Tester Demands Action to Hold Massive PBM Corporations Accountable for Squeezing Small Rural Pharmacies

In recent hearing, Senator condemns Pharmacy Benefit Managers for keeping the cost of prescription drugs too high and putting local pharmacies out of business

As part of his continued push to lower health care costs and hold massive corporations accountable, Senator Tester at a hearing last week slammed the detrimental impacts that Pharmacy Benefit Managers (PBMs) are having on local pharmacies in Montana and the consumers that rely on them.

During the hearing, Tester underscored the lack of transparency in the PBM industry that allows these massive companies to undercut small pharmacies, while price gouging consumers.
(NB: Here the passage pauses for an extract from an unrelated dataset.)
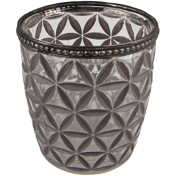 Clayre & Eef 6GL3966 Portacandele in vetro grigio Ø 9x9 cm

“[PBMs] were set up for all the right reasons…but from what I see them doing in my state, I don’t think the consumer gets much benefit and they’re shutting down small business on main street right and left – and those are called our local neighborhood pharmacies,” said Tester. “So as far as holding big the big pharmaceutical companies accountable, I don’t see it. And the reason I don’t see it is because there is no transparency in PBMs…and quite frankly, when you combine that with anti-competitive tactics, this is a recipe where the only people that win in health care costs are the PBMs.”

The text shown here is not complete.